Work request:
Since the pictures are not wanted, retype the listing below exactly and without them.

Data excerpt:
+--
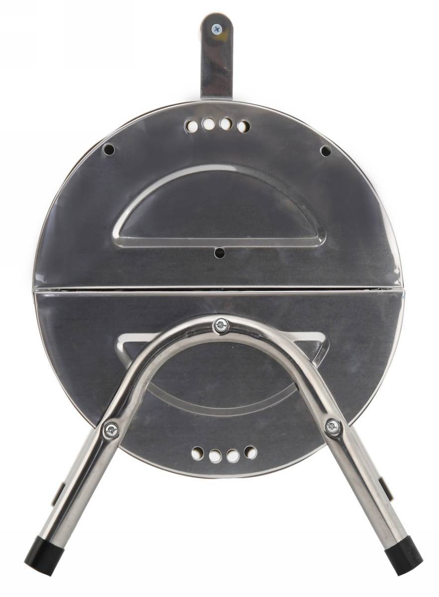 A szerkezet kiváló minőségű rozsdamentes acéllemezből készült, polírozott felülettel. A fa fogantyú biztosítja a készülék kényelmes hordozását. A stabilitást négy fémláb biztosítja, amelyek a grilltesthez vannak csavarozva.
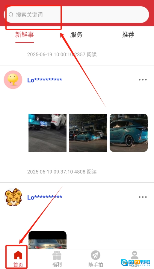 2、登录成功后,返回软件首页,一眼就能瞧见顶部的搜索框,直接点击它。
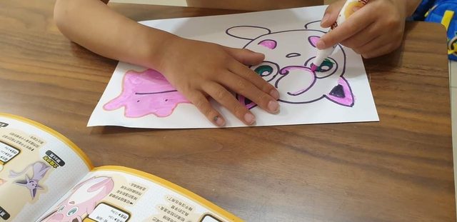 或是做他喜歡的主題的著色紙,這張照片是我認真的幫百變怪著色,他也學我的手法認真
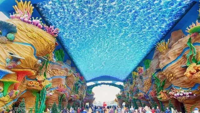 大街雨旁的立体珊瑚和礁石场景五彩缤纷,尽情展现海底世界令人叹为观止的一面。
+--
Written response:
 A szerkezet kiváló minőségű rozsdamentes acéllemezből készült, polírozott felülettel. A fa fogantyú biztosítja a készülék kényelmes hordozását. A stabilitást négy fémláb biztosítja, amelyek a grilltesthez vannak csavarozva.
 2、登录成功后,返回软件首页,一眼就能瞧见顶部的搜索框,直接点击它。
 或是做他喜歡的主題的著色紙,這張照片是我認真的幫百變怪著色,他也學我的手法認真
 大街雨旁的立体珊瑚和礁石场景五彩缤纷,尽情展现海底世界令人叹为观止的一面。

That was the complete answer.